For the United Kingdom, the deal also reflects a broader strategy to strengthen trade relationships with African economies, particularly in the post Brexit era where new partnerships are being actively pursued. Supporting infrastructure projects not only facilitates trade but also creates opportunities for British companies involved in engineering, logistics and technology.

Despite the optimism surrounding the agreement, analysts caution that successful implementation will be critical. Past infrastructure projects in Nigeria have faced delays and cost overruns, often linked to bureaucratic challenges and governance issues. Ensuring transparency, effective project management and timely execution will be essential to achieving the intended outcomes.
If delivered as planned, the upgrades could transform the operational landscape of Nigeria’s busiest ports, reducing congestion and positioning the country as a more attractive destination for global shipping lines.

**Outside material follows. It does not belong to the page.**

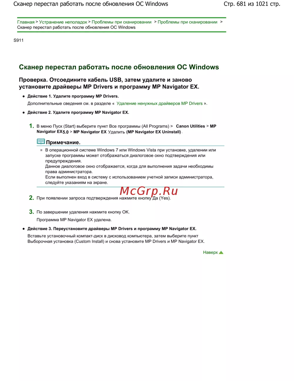 Стр. 681 из 1021 стр.Сканер перестал работать после обновления ОС Windows
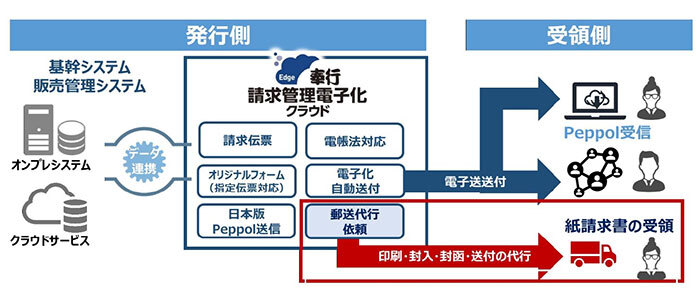 具体的には、「奉行Edge請求管理電子化クラウド」で作成される請求書の電子データの送付先を“郵送代行”に指定するだけで、請求書の印刷から封入・封かん、送付作業をすべて委託でき、社内から請求書の発行作業が完全になくなる。

This, in turn, could drive increased trade volumes, stimulate economic growth and strengthen Nigeria’s influence within regional and global supply chains.
The financing deal signals a clear commitment by the Nigerian government to address longstanding structural challenges in its maritime sector. By modernising its key ports, the country is taking a decisive step toward unlocking greater efficiency, competitiveness and economic potential in one of its most vital industries.